Officiellement, le commissaire et ancien ministre français de l’Économie s’est bien gardé d’accuser directement des pays membres d’être des paradis fiscaux, mais le rapport semestrielde la Commission sur les déséquilibres macroéconomiques dans les pays mentionne la planification fiscale et l’évasion fiscale dans le même paragraphe. Un détail qui n’est pas dû au hasard et qui sert à mettre la pression sur les pays visés. Dans le rapport, on peut lire ainsi que : « Les pertes de recettes liées aux transferts de bénéfices au sein de l’UE sont estimées à 50-70 milliards d’euros. La planification fiscale agressive fausse les règles du jeu entre les entreprises, et détourne injustement les ressources des dépenses des gouvernements des objectifs ». Et le chapitre se termine par : « A la fin de 2018, les États membres doivent transposer les dispositions de la directive contre l’évasion fiscale dans leur législation nationale. »

Qu’est-ce qu’une « planification fiscale agressive » ?

Le Premier ministre luxembourgeois Xavier Bettel a aussitôt riposté, avec raison, à Pierre Moscovici, en déclarant « je pense que le principe de l’Union européenne n’a pas à désigner un pays contre un autre ».
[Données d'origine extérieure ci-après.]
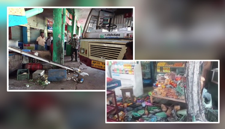 The bus even rammed the wall and started to go inside a nearby shop. Malarkodi, a woman who was inside the shop never expected such a big vehicle to enter her little shop and before she recovered from the shock, the bus crashed inside her shop and luckily she escaped with injuries. However, her entire shop was destroyed and all the products were also broken. The police have filed a case and are making an enquiry with the bus driver regarding this brake failure incident.

Mais qu’est-ce qu’une « planification fiscale agressive » ? Pour l’UE, il s’agit de dispositifs fiscaux qui ne sont pas illégaux, mais qui méritent d’être débattus et négociés, du fait de leur impact sur les autres pays membres. Mais sur quels critères objectifs l’Union européenne se permet-elle de déterminer quelle politique fiscale est « agressive » et celles qui ne le sont pas ? Son objectif d’« accroître la transparence » ne peut pas et ne sera pas l’objectif final du processus. La France et l’Allemagne ont clairement fait savoir au cours des dernières années que certains pays étaient plus attractifs en raison de leurs politiques fiscales, et qu’ils essaient de mettre fin à cette différence.
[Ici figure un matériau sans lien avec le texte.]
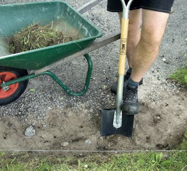 Vi fjerner græstørv og muld i hele området, hvor terrassen skal ligge. Det giver os en stabil bund at lægge terrassen på, og det gør det ret enkelt at jævne området ud. Her er jorden tæt og sandet 10-15 cm nede, så vi slipper ret nemt.
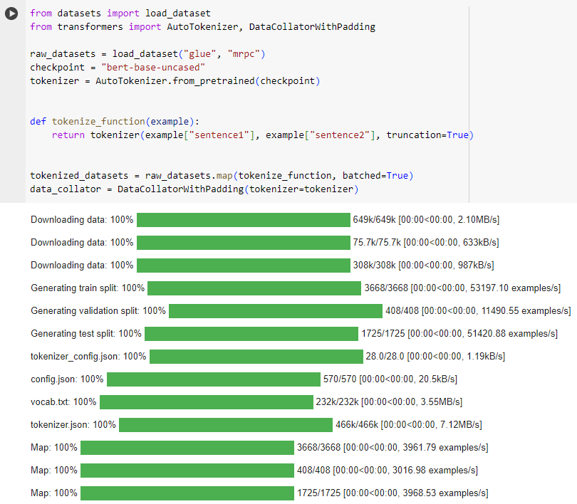 따라서 코드를 실행하면 tokenized_datasets 변수에는 토큰화된 MRPC 데이터셋이 저장되게 됩니다. 이제 이 토큰화된 데이터셋을 사용하여 모델 훈련이나 추론과 같은 NLP 작업을 수행할 수 있습니다.

Mélanger des pratiques avantageuses et l’évasion fiscale revient à ne pas comprendre l’enjeu de la fiscalité des pays comme la Belgique et le Luxembourg. Les Français qui s’imaginent que ces pays frontaliers pourraient permettre de « cacher » leur argent ou même profiter d’un secret bancaire s’exposeront à une large déception.

Inscrit sur une liste noire

En 2009, le gouvernement luxembourgeois du Premier ministre Jean-Claude Juncker avait réagi à la pression internationale (menée par l’Allemagne et la France), mécontente de la politique du Grand-Duché. Pour un pays soucieux de la coopération internationale comme le Luxembourg, être inscrit sur une liste noire en raison d’une étiquette de non-conformité semblait impensable. En conséquence, le pays s’est empressé de signer un certain nombre de « conventions fiscales » avec des pays du monde entier. Un bon nombre de ces conventions ont été ratifiées depuis, tandis que d’autres ont été renouvelées. Le Luxembourg a signé ces accords avec l’Allemagne, le Canada, la France, la Russie, Hong Kong, Singapour, Suisse et Canada, au Qatar ou au Royaume-Uni.

En 2016, l’OCDE a introduit le Common Reporting Standard (CRS), dont le Luxembourg est un pays participant, et dont les signataires devront commencer à rendre compte de leurs efforts en 2018. L’organisation affirme que :

« La norme sur l’échange automatique d’informations est mise en œuvre à l’échelle mondiale. C’est sa portée mondiale qui assurera son efficacité à changer l’équation de l’évasion fiscale et du secret bancaire. »

Les mêmes conventions internationales s’appliquent en Belgique, qui s’est donné beaucoup de mal afin de coopérer avec les administrations fiscales des autres pays européens. Il y a quelques mois, la Cour des comptes belge affirmait avoir reçu 121 demandes de renseignement des autorités françaises. En revanche, la cour indique aussi que la Belgique a adressé 72 demandes à la France. Visiblement, pour beaucoup de contribuables belges, c’est la France qui ferait figure de paradis fiscal !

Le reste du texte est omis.